Note: this course is jointly listed under SISRE 490A/Euro 490B/SISRE 590A for Winter Quarter 2002. This description applies for all three listings. Topics include: Russian and Soviet conquest and colonial rule in Central Asia, the experience of Central Asians under those colonial regimes, the emergence of national identities both before and in the first years of independence. Some attention will be devoted to the theoretical literature about colonialism and nationalism. The chronological scope of the course is from the nineteenth century to the present.

Student learning goals

General method of instruction

Discussion (based on assigned readings and analytical essays students will write on those readings).

Recommended preparation

Upper division reading and writing skills; willingness to work hard. It would help prior to the beginning of the quarter to read Suny and Naimark,The Revenge of the Past, and begin Allworth, ed., Central Asia: 130 Years of Russian Dominance.

Class assignments and grading

Several analytical essays based on assigned readings. Possibly a book review. (Graduate students registered under SISRE 590 will also be expected to do a research paper.) Required books (not all of each one will necessarily be assigned): Allworth, ed., Central Asia: 130 Years of Russian Dominance; Brower and Lazzerini, eds., Russia's Orient; Smith, Nationalism and Modernism; Roy, The New Central Asia; Smith et al., Nation-building in the Post-Soviet Borderlands; Levin, The Hundred Thousand Fools of God. Recommended books: Martin, Affirmative Action Empire; Suny and Naimark, The Revenge of the Past.
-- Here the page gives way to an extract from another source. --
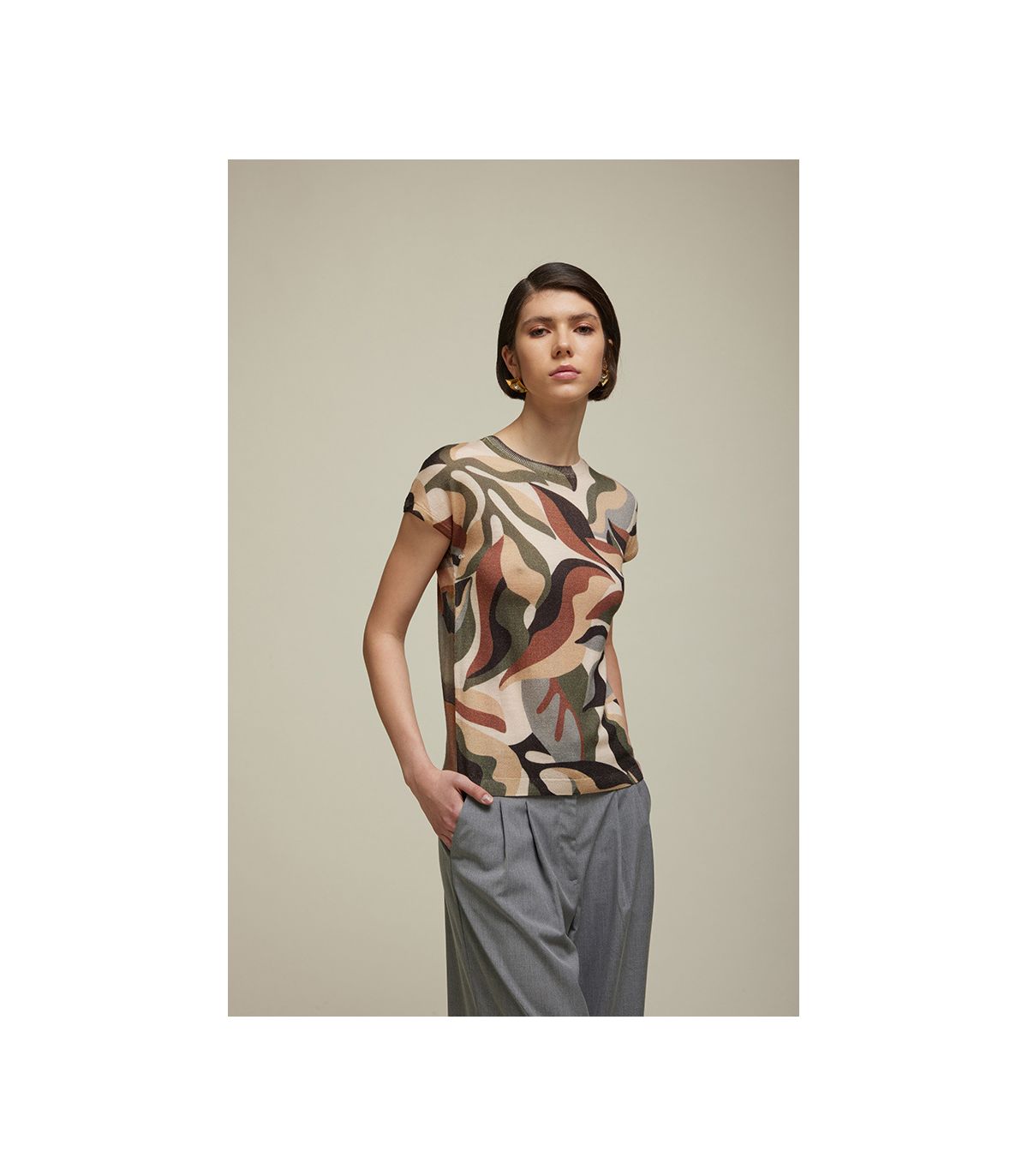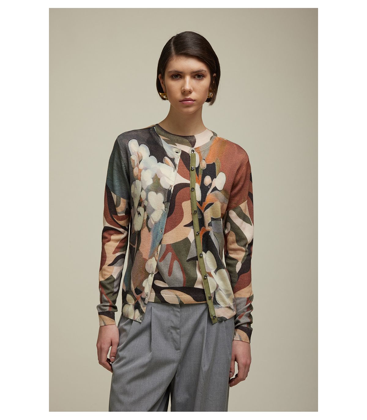 Twinset in Lana Merino Extrafine con Cardigan e Maglia Double Use Pattern Camouflage
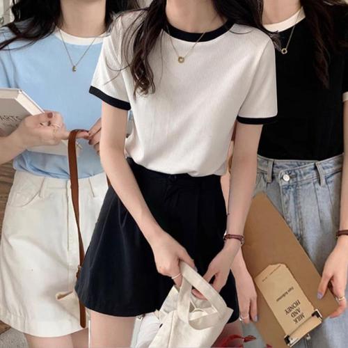 [옷자락]여자 스트라이프 골지 넥 소매 배색 반팔 티셔츠

There probably will be a few articles required in addition to the material in these books.

Principally the written work, but part of grade also based on class participation.

The information above is intended to be helpful in choosing courses. Because the instructor may further develop his/her plans for this course, its characteristics are subject to change without notice. In most cases, the official course syllabus will be distributed on the first day of class.